Trust me, safety is extremely important to me thus I am very observant of my surroundings. i.e. hunter orange, houses, etc. My first shot or two usually don't miss anyhow, they just slow 'em down a little so I can place my 3rd shot with pin-point accuracy. 

I know what the hell I'm doing, I just don't know what others are doing, thats why I'm scared to go in the woods during gun season and thats why I would never gun hunt on public land because you just don't know who is going to be out there.........


----------



## noboatdave (May 5, 2004)

You hit him in the rear with the first shot. The second shot takes off his lower jaw. In the excitement of unloading that last round on that big 'ol buck you short stroke the pump and now you have to clear your jammed action. In the mean time that big 'ol buck has run full bore over the hill and is now out of sight. 

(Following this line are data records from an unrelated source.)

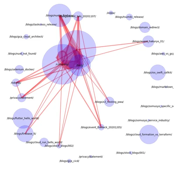 - add_edge:各ページのつながり(線)を追加(線の太さも定義)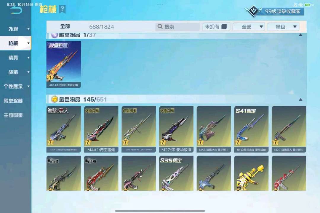 禾且前看描述!⭐官服v10号⭐140➕金枪⭐99级收藏家⭐超多绝版皮肤⭐多日漫联动道具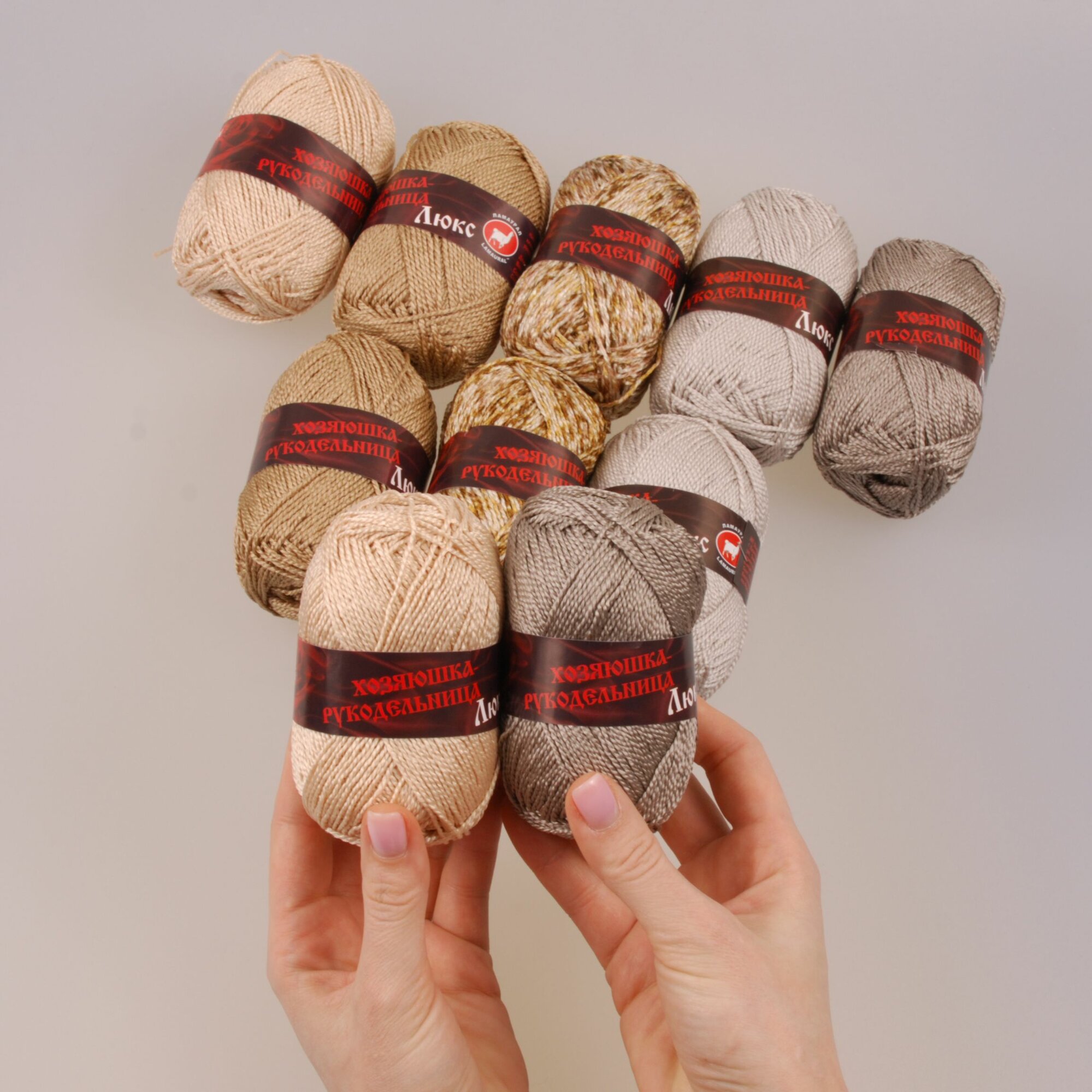 | Комплектация | 10 мотков пряжи Хозяюшка-рукодельница "Люкс", крючок для вязания №3 |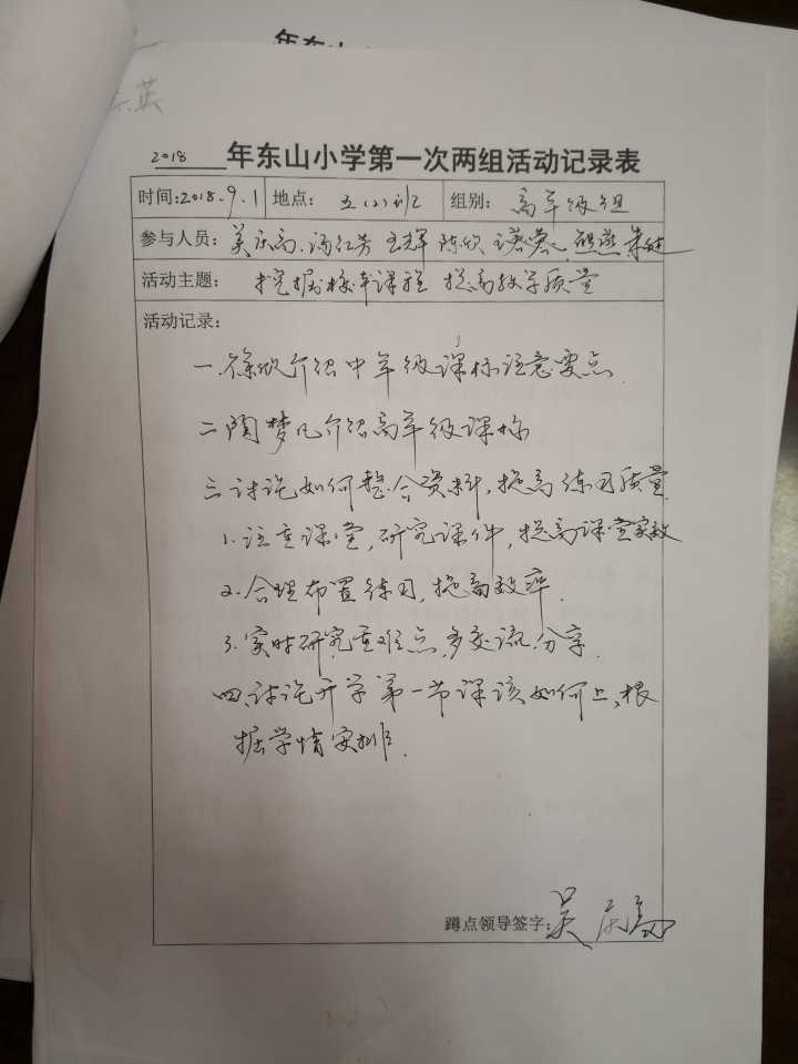 新的学期我们全体六年级英语教师聚在一起,进行了本学期第一次活动。首先我们集体学习了英语课标对高年级的要求,课标中只对语言技能进行了描述。接着,我组对即将进行的开学第一课进行了深刻的研讨。经过充分讨论,准备先对之前的知识进行复习和整理,然后再进行新课的教授,并确定了新课的导入,重要环节的研磨和拓展部分的延伸,旨在上出第一课的精彩。

Since neither round has hit a vital organ, or even a large artery, very little blood is on the ground and the trail is quickly abandoned. Since the deer was 100 yards away when you unloaded on him you have no idea where you hit and assume it was just a flesh wound and that big 'ol buck will be ok. Meanwhile 2 hollers away, curled up in brush pile, that big 'ol buck has begun the long process of dieing of starvation and sepsis.


----------



## bronzebackyac (Apr 19, 2005)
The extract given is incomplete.